==== The data ====

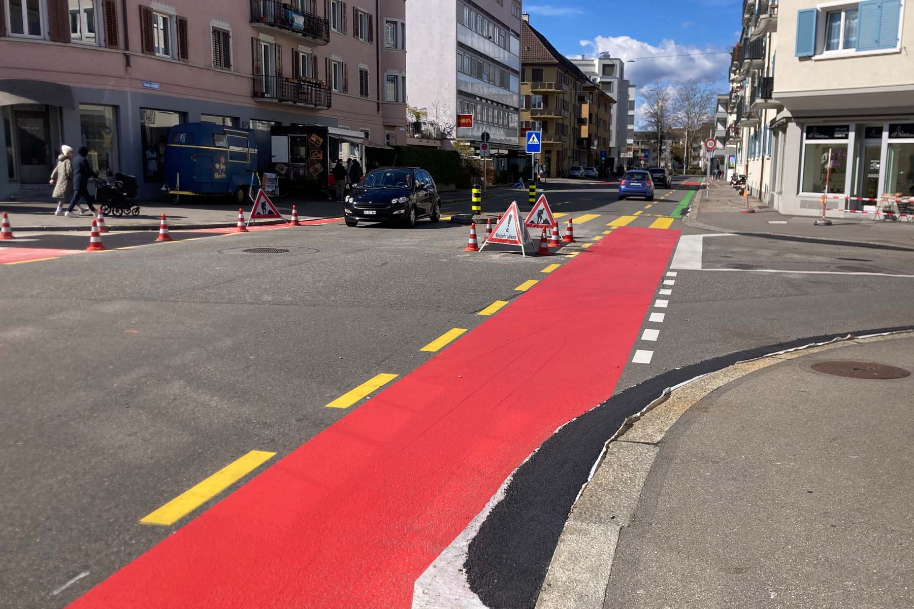 Die gut sichtbaren Flächen bei Kreuzungen und Einfahrten machen einen zufälligen Eindruck. Auch dort, wo die Route offiziell endet. Wie fahre ich weiter – etwa zum Bahnhof Altstetten oder an den Lindenplatz? Ausser Eingeweihten weiss das niemand.
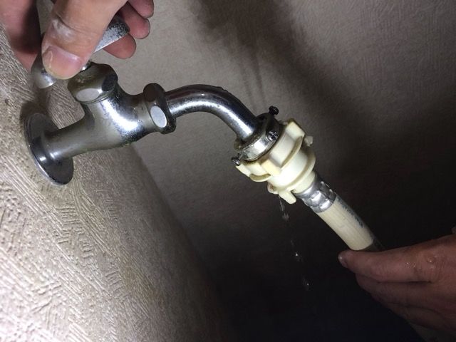 取り急ぎ、水栓金具を全自動洗濯機用に変えてみたのですが、新品にしたにも関わらずホースを動かすと水が垂れてきますので、こちらは入居者さん管轄の洗濯機ホースに問題がある事がわかりました。後日、ホースを交換して繋いだところ水垂れが止まりました。
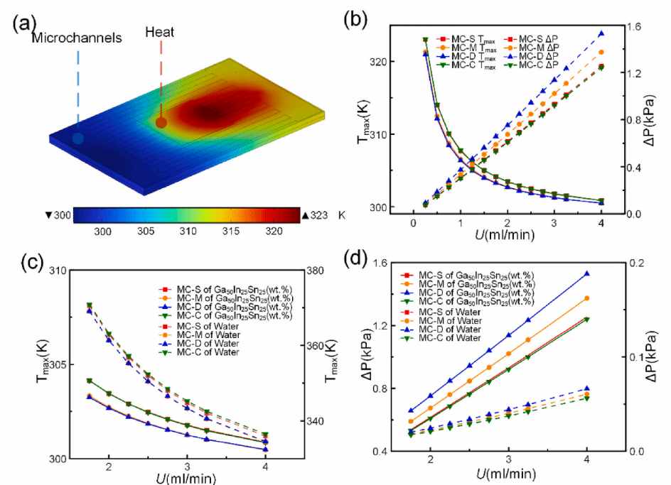 图2 不同微通道结构在不同流速下的温度等值线分布、热源最高温度与压降对比分析、液态金属与水在热源最高温度和压降上对比分析
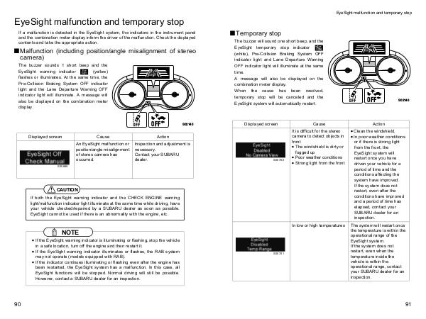 The buzzer will sound one short beep, and the EyeSight temporary stop indicator( white), Pre-Collision Braking System OFF indicator light and Lane Departure Warning OFF indicator light will illuminate at the same time. A message will also be displayed on the combination meter display. When the cause has been resolved, temporary stop will be canceled and the EyeSight system will automatically restart.

====

Exercise details
With the pictures omitted, print the lines above exactly, beginning at the line with "取り急ぎ、水栓金具を全自動洗" and going on through the line with "图2 不同微通道结构在不同流".

Response for this exercise
 取り急ぎ、水栓金具を全自動洗濯機用に変えてみたのですが、新品にしたにも関わらずホースを動かすと水が垂れてきますので、こちらは入居者さん管轄の洗濯機ホースに問題がある事がわかりました。後日、ホースを交換して繋いだところ水垂れが止まりました。
 图2 不同微通道结构在不同流速下的温度等值线分布、热源最高温度与压降对比分析、液态金属与水在热源最高温度和压降上对比分析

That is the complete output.